(Dataset excerpts)
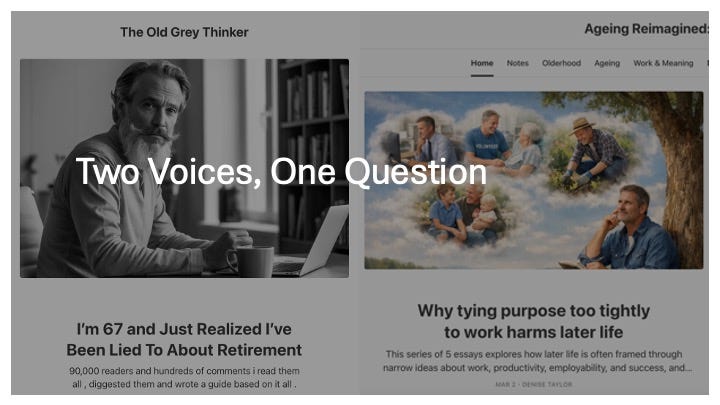 The other is written by Denise Taylor, under her own name, at Ageing Reimagined. She has fewer than 2,000 subscribers. She writes (a bit) less often. Slower. Thoughtfully. She is stepping into her late 60s and has chosen to stop working for money after 52 years of doing exactly that.
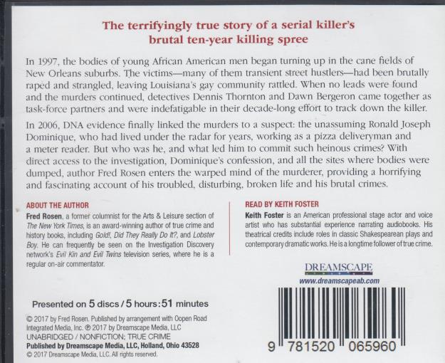 In 2006, DNA evidence finally linked the murders to a suspect: the unassuming Ronald Joseph Dominique, who had lived under the radar for years, working as a pizza deliveryman and a meter reader. But who was he, and what led him to commit such heinous crimes? With direct access to the investigation, Dominique's confession, and all the sites where bodies were dumped, author Fred Rosen enters the warped mind of the murderer, providing a horrifying and fascinating account of his troubled, disturbing, broken life and his brutal crimes.
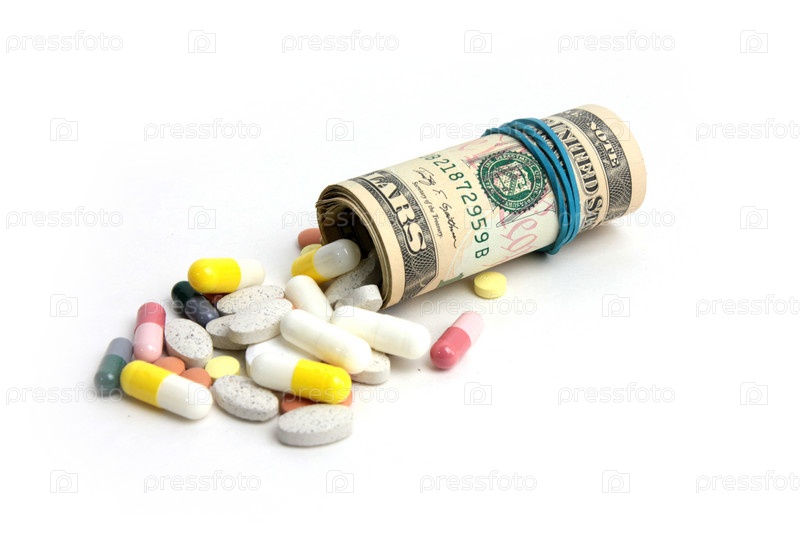 Американская бумажная валюта и таблетки. Платная медицина
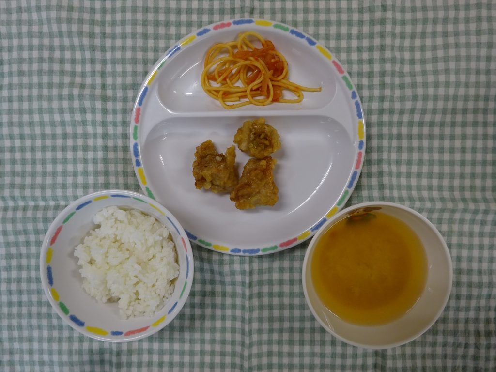 By kazamagakuen2025年10月14日今日の給食 今日の給食です。 今日は、から揚げとパスタでお子様ランチのようでした。たくさん体を動かした後だったので、みんなパクパク食べていました。残すお友だちも少なかったです。
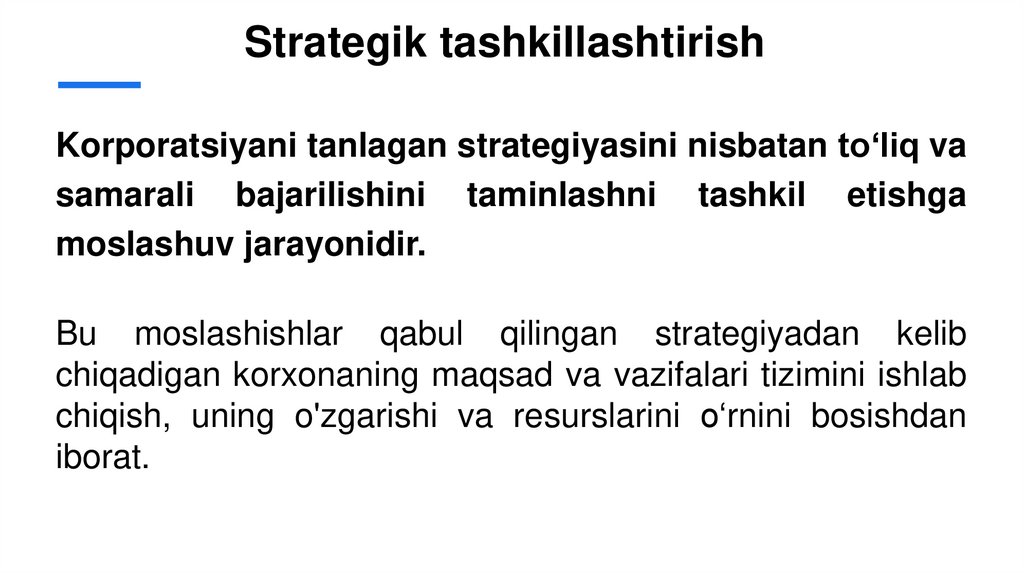 Korporatsiyani tanlagan strategiyasini nisbatan to‘liq vasamarali bajarilishini taminlashni tashkil etishga
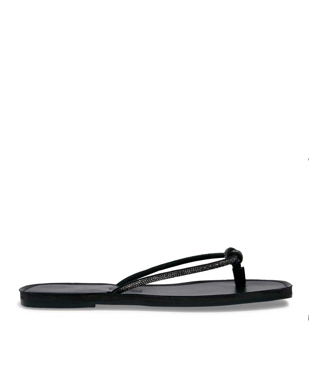 Rasteira Santa Lolla preta com tiras de strass e solado flat. Confortável e elegante, ideal para compor looks casuais em dias quentes com muito estilo.
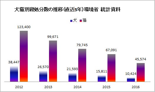 ▲直近5年間の犬・猫別殺処分数の推移(環境省統計資料より)
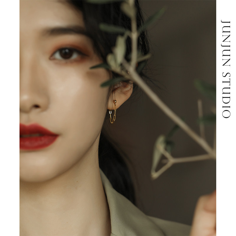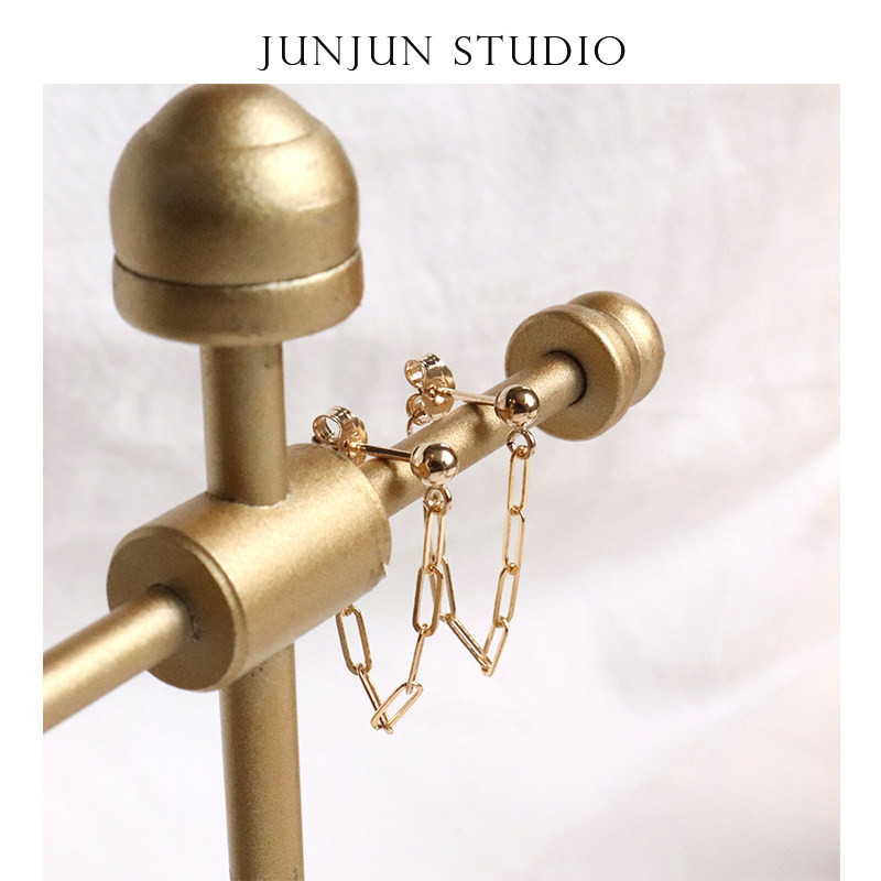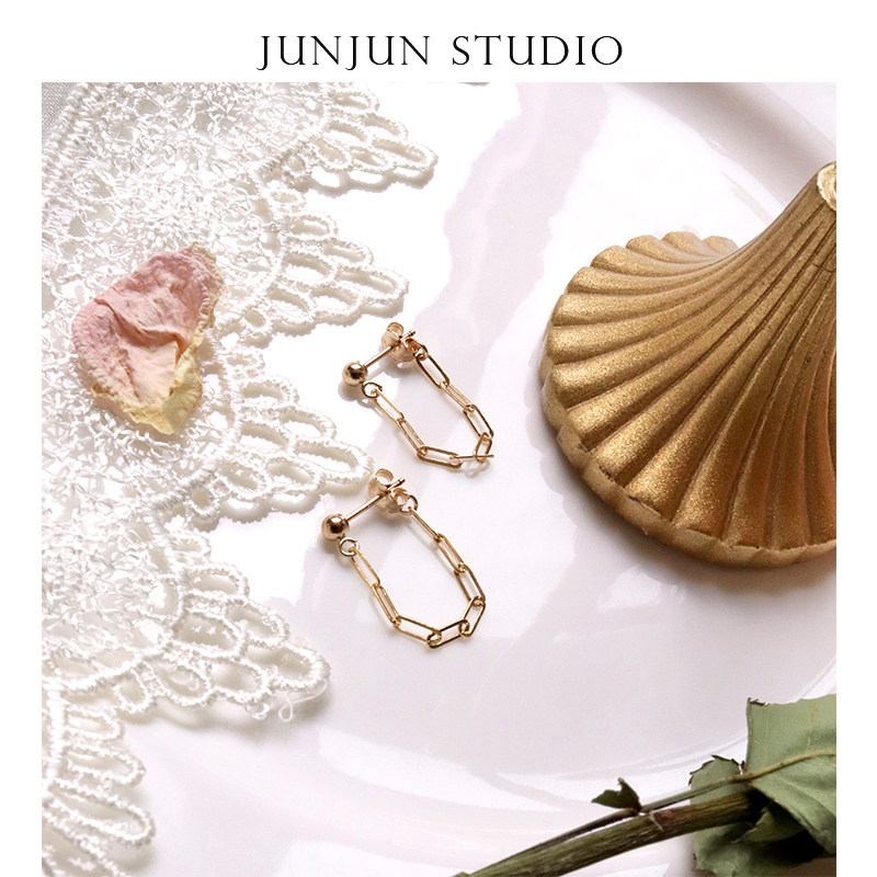 JUNJUN self-made minimalist ins style full metal ring chain earring earrings US 14k gold injection
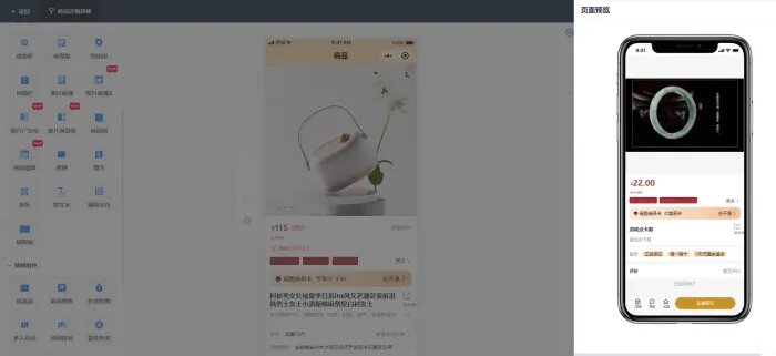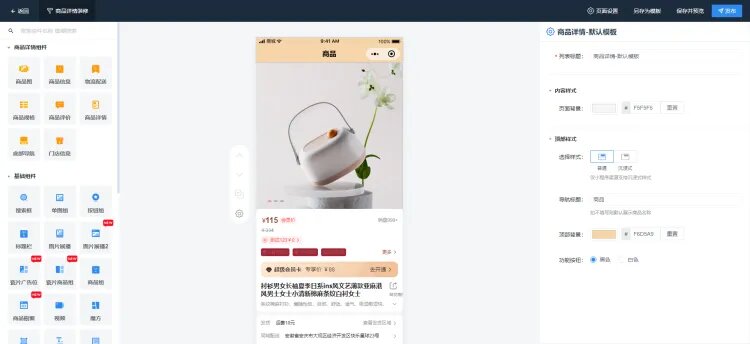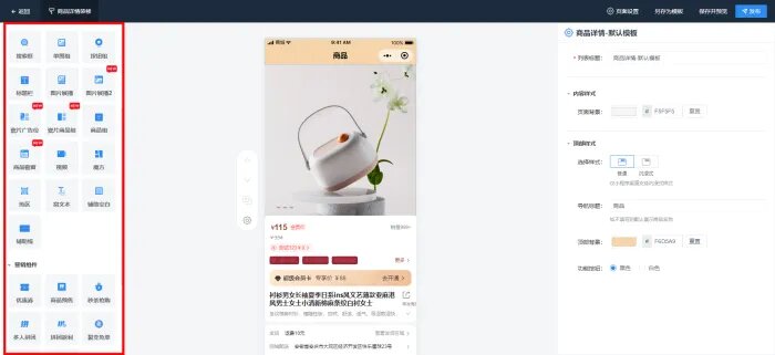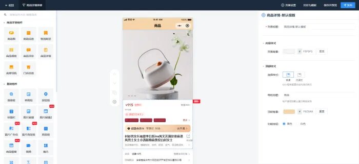 商品详情页中支持添加商品组、图片组以及列表导航等基础组件,同时也支持优惠券和公告等的营销组件
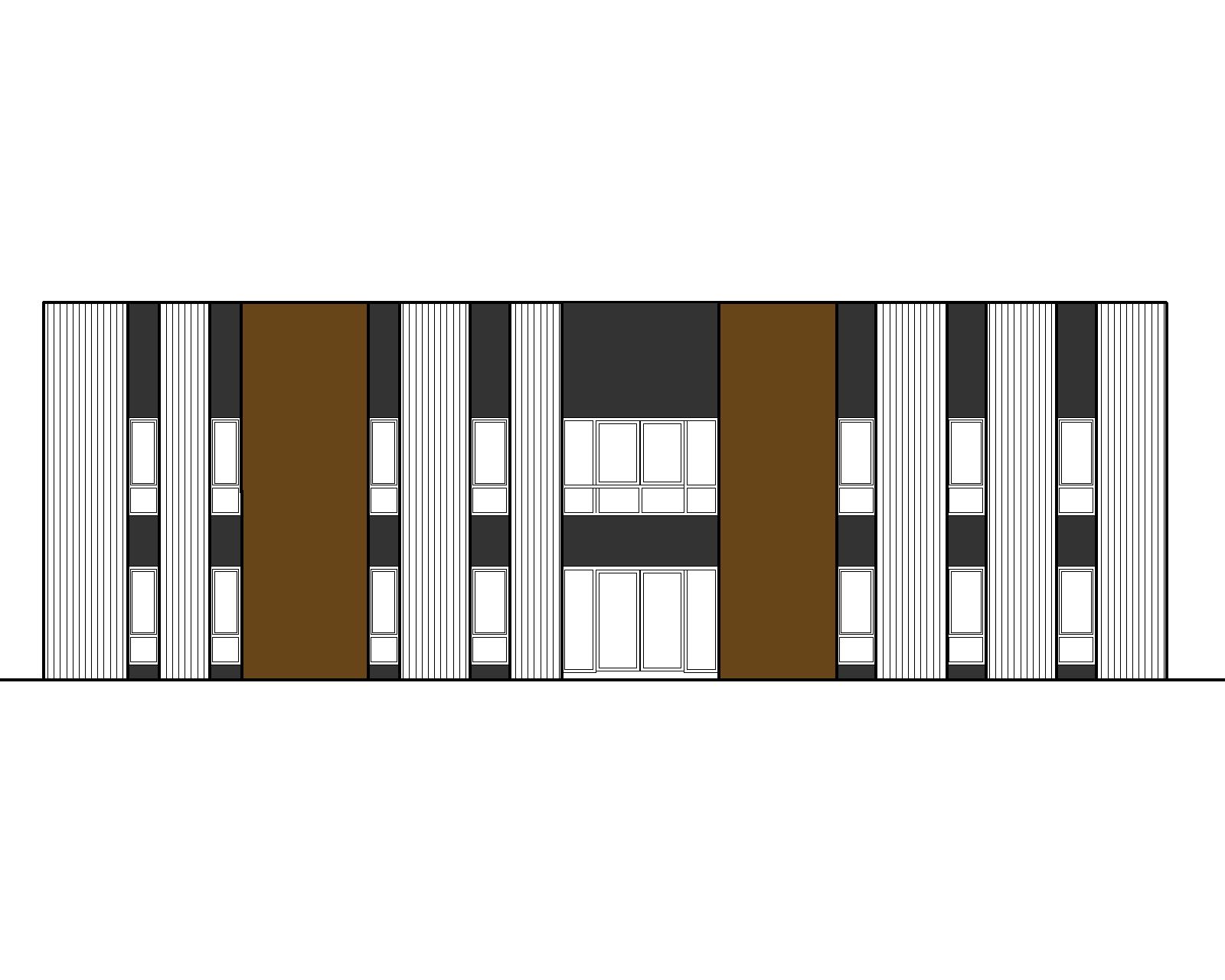 modern exterior shot render a modern building industirial office facade with vertical stripes using a combination of sleek charcoal gray and crisp white for the outer panels incorporate large reflective glass windows with a hint of blue tint set against a clear sky with a soft sunset ambiance casting warm golden light on the building add subtle greenery around the base for a touch of nature while maintaining a clean and minimalistic atmosphere architecture

ABOUT THIS TASK
Please write out all the data again word for word, but not the pictures.

SOLUTION
 The other is written by Denise Taylor, under her own name, at Ageing Reimagined. She has fewer than 2,000 subscribers. She writes (a bit) less often. Slower. Thoughtfully. She is stepping into her late 60s and has chosen to stop working for money after 52 years of doing exactly that.
 In 2006, DNA evidence finally linked the murders to a suspect: the unassuming Ronald Joseph Dominique, who had lived under the radar for years, working as a pizza deliveryman and a meter reader. But who was he, and what led him to commit such heinous crimes? With direct access to the investigation, Dominique's confession, and all the sites where bodies were dumped, author Fred Rosen enters the warped mind of the murderer, providing a horrifying and fascinating account of his troubled, disturbing, broken life and his brutal crimes.
 Американская бумажная валюта и таблетки. Платная медицина
 By kazamagakuen2025年10月14日今日の給食 今日の給食です。 今日は、から揚げとパスタでお子様ランチのようでした。たくさん体を動かした後だったので、みんなパクパク食べていました。残すお友だちも少なかったです。
 Korporatsiyani tanlagan strategiyasini nisbatan to‘liq vasamarali bajarilishini taminlashni tashkil etishga
 Rasteira Santa Lolla preta com tiras de strass e solado flat. Confortável e elegante, ideal para compor looks casuais em dias quentes com muito estilo.
 ▲直近5年間の犬・猫別殺処分数の推移(環境省統計資料より)
 JUNJUN self-made minimalist ins style full metal ring chain earring earrings US 14k gold injection
 商品详情页中支持添加商品组、图片组以及列表导航等基础组件,同时也支持优惠券和公告等的营销组件
 modern exterior shot render a modern building industirial office facade with vertical stripes using a combination of sleek charcoal gray and crisp white for the outer panels incorporate large reflective glass windows with a hint of blue tint set against a clear sky with a soft sunset ambiance casting warm golden light on the building add subtle greenery around the base for a touch of nature while maintaining a clean and minimalistic atmosphere architecture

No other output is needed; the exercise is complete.